Augusta, antropóloga formada por uma prestigiada universidade, volta a sua casa para o funeral do pai. Coincidentemente, seu trabalho de pesquisa acadêmica centra-se em rituais funerários de várias culturas, uma tentativa de desvendar o mistério do luto e a dor quase infinita da perda. Numa viagem no metrô, ela reencontra Sylvia, uma velha amiga ― e um caldeirão de reminiscências passa a fervilhar em sua mente e aquecer seu coração. A história de Augusta começa em 1973, quando aos oito anos de idade ela se muda para o Brooklyn ― um enclave multicultural de Nova York com uma dinâmica comunidade afro-americana e vastas populações de imigrantes de todo o planeta...

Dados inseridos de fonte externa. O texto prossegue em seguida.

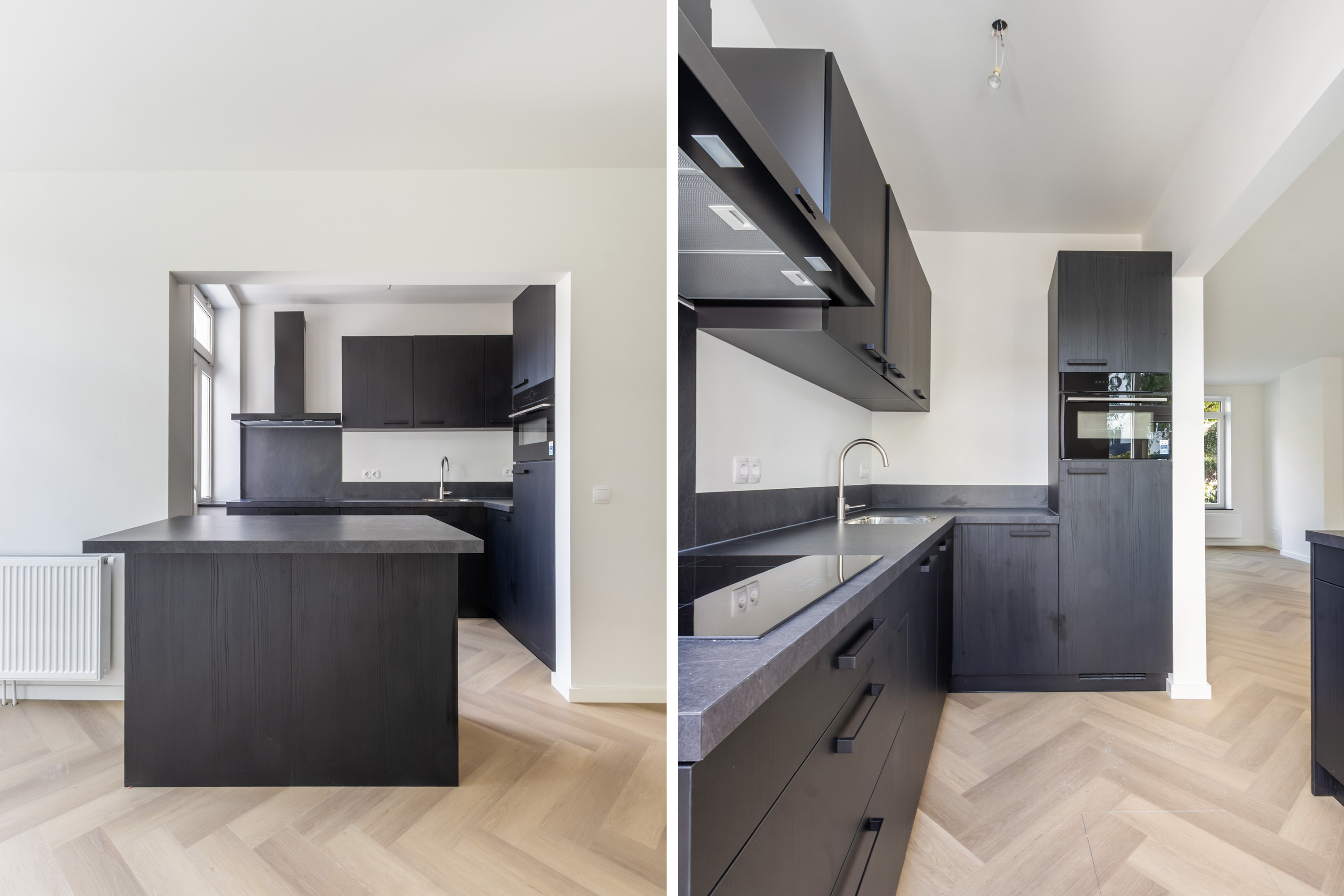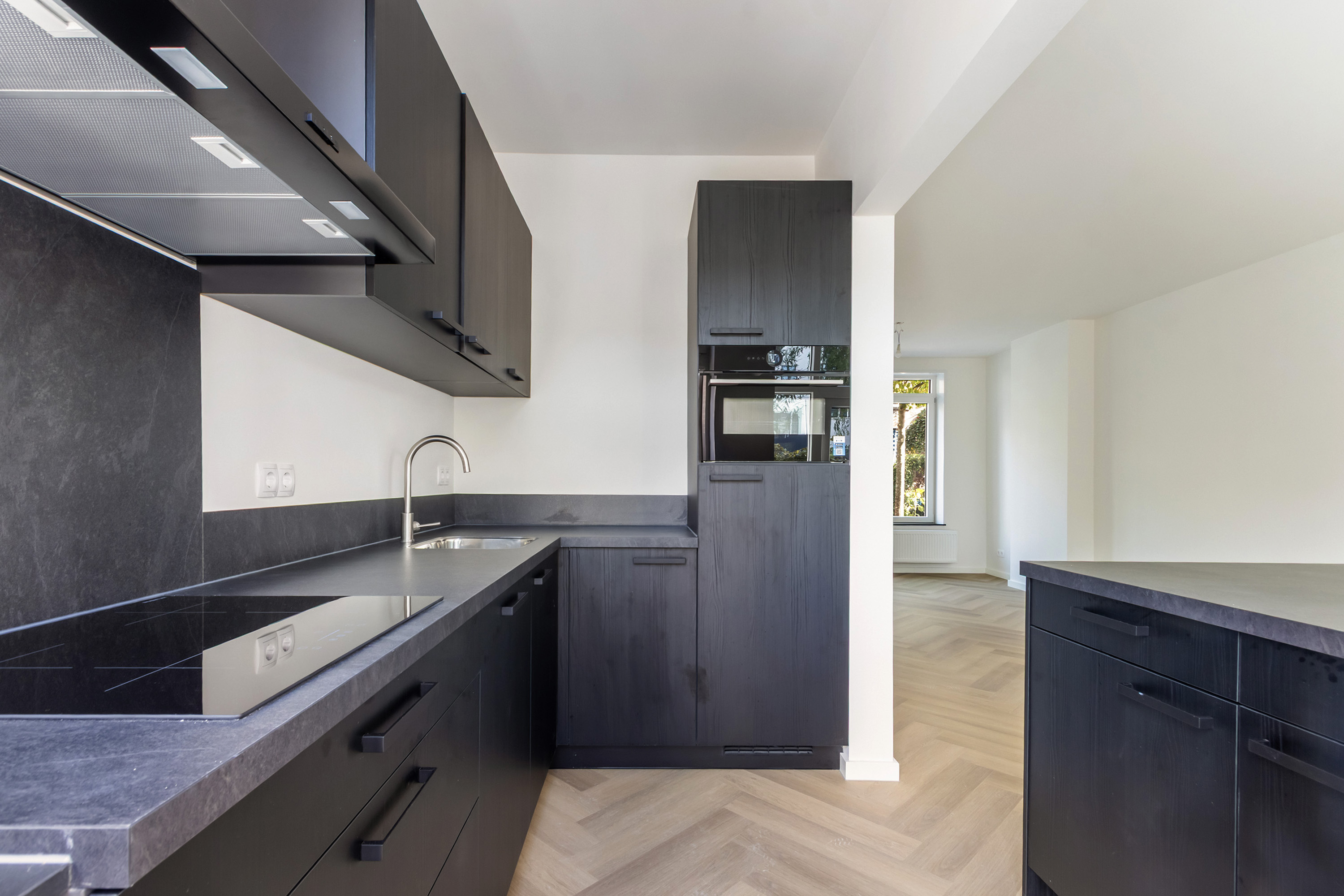 - Open keuken met moderne/ nieuwe inrichting in hoekopstelling en een eilandblok annex eetbar met extra kastruimte. Enkele rvs spoelbak, diverse onder en bovenkasten, ‘magic corner’, laden, app. (o.a. Bosch en Inventum): afzuigkap, 4-zone inductiekookplaat, vaatwasser, koelkast met vriesvak en een combi-oven. Tuindeur.
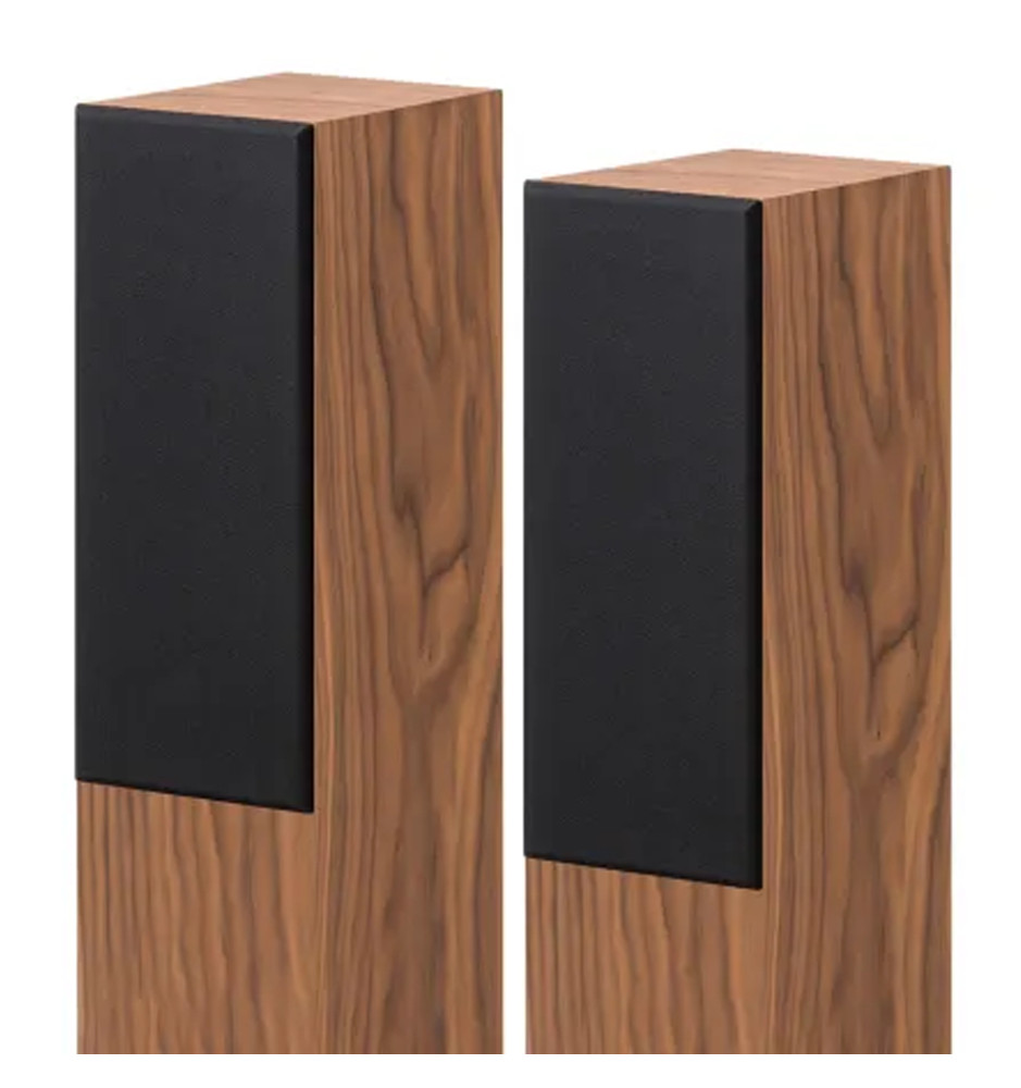 Obudowa wykończona jest w stylowym, subtelnym stylu, który pasuje do każdego wnętrza. Na froncie nie ma widocznych śrub, a magnetyczne maskownice podkreślają minimalistyczny wygląd kolumn. Konstrukcja z MDF minimalizuje niepożądane drgania, co przekłada się na czystość brzmienia i pełne wykorzystanie potencjału przetworników. Kolumny wyposażono w pozłacane terminale, co zapewnia stabilne i bezstratne połączenie.
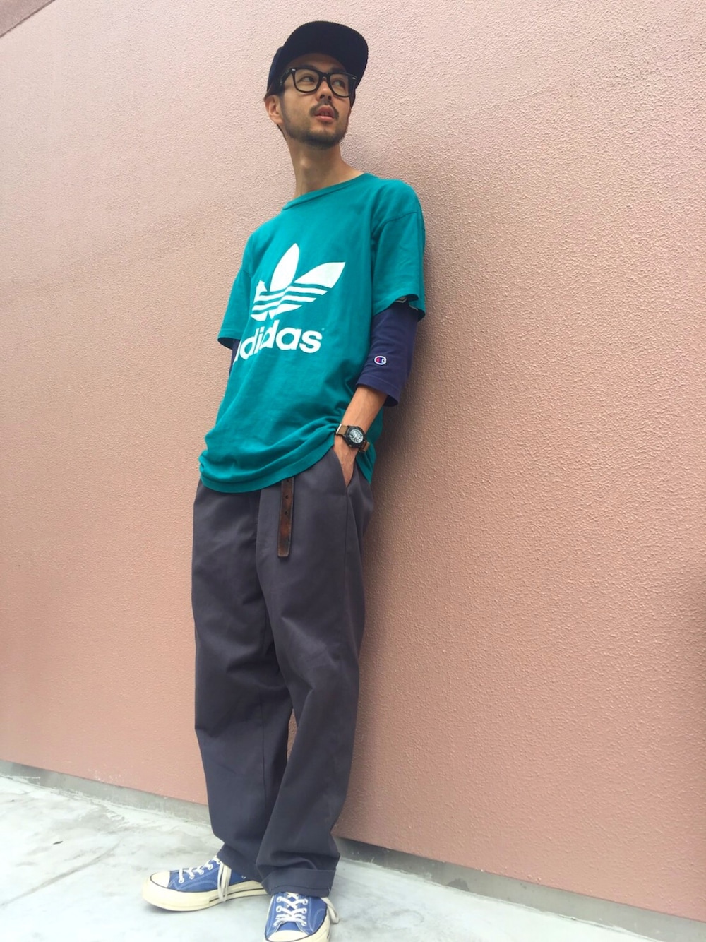 アディダスの90sビッグTとチャンピオンのカットソーのレイヤード❗️ ご予約お待ちしてます(^^) Instagramからも大歓迎です! @ken_bridge
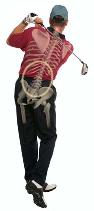 We require an image of a Golfer with club, including outline of skeletal frame highlighting 3 common muscle/bone sore points - shoulder, lower back and knee. These 3 general areas of shoulder, lower back and knee should each be highlighted in clearly identified areas, such as within a circle.
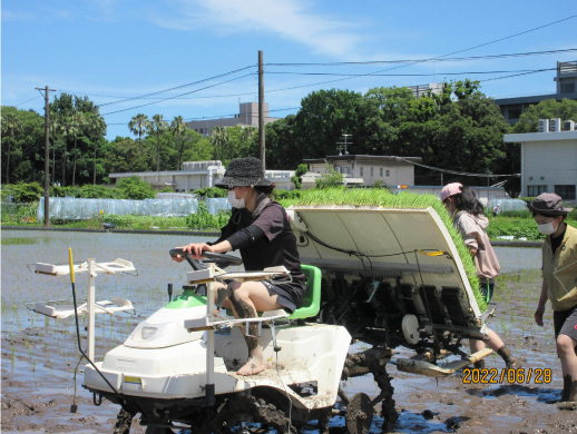 毎年恒例の田植え実習です。横一列に並び、昔ながらの方法で手植えを体験した後に、学生一人一人が交代で田植え機を操作して、手植えと機械植えの両方を体験します。
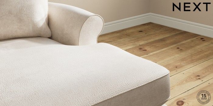 7.2.10 Ashford Highback Medium Sofa Chaise - Right Hand Plush Chenille Oyster Low Turned - Mid | Made Click here to use our website with more accessibility support, for example screen readers
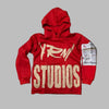 Rød hættetrøje til børn i heavy metal-stil fra YRN Studios

Capa comum: 120 páginas Editora: Todavia; Edição: 1 (6 de abril de 2020) Idioma: Português ISBN-10: 6551140076 ISBN-13: 978-6551140075 Dimensões do produto: 20,6 x 13,6 x 1,2 cm Peso de envio: 159 g
Leia trecho do livro
Naquele ano, todas as canções faziam referência a algo de nossa história. Amontoávamo-nos ao redor do radinho no quarto de Sylvia e ouvíamos. Quando a mãe de Gigi não estava em casa, íamos para lá depois da aula, esperávamos enquanto Gigi abria a porta com a chave que usava pendurada no pescoço. Não havia sofá na quitinete, então nos sentávamos no chão ao redor de seu toca-discos Close ‘N Play — o volume baixo. Inclinávamo-nos para ouvir enquanto Al Green nos pede para deitarmos nossas cabeças no travesseiro e Tavares nos pedia que nos lembrasse do que havia dito para esquecer. E Minnie Riperton e Sylvia atingiam notas tão altas e longas que o mundo parecia estar no fim. O mundo ESTAVA acabando. Tínhamos sido meninas, dançando pelo apartamento da mãe de Gigi com botas brancas envernizadas de cano alto várias e várias e várias vezes. Pequenos fragmentos do Brooklyn começaram a desabar. Revelando a GENTE. Invejávamos os cabelos, as bundas, os narizes umas das outras. Emprestávamos nossas roupas e dividíamos sanduíches. Em uns dias nós ríamos até o refrigerante sair pelos narizes e os soluços surgirem em nossas barrigas. Quando os rapazes chamavam nossos nomes nós dizíamos, “Nem ouse dizer o meu nome. Não quero ele em sua boca.” Quando diziam: “Vocês são feias mesmo”, sabíamos que estavam mentindo. Quando gritavam, “Convencidas!” dizíamos: “Não — confiantes!” Víamos eles passear com seus cachorros sem saber como responder para gente. Nós quatro, juntas, éramos algo que não conseguiam entender. Entendiam garotas solitárias, com os braços cruzados sobre o peito, suplicando pela invisibilidade.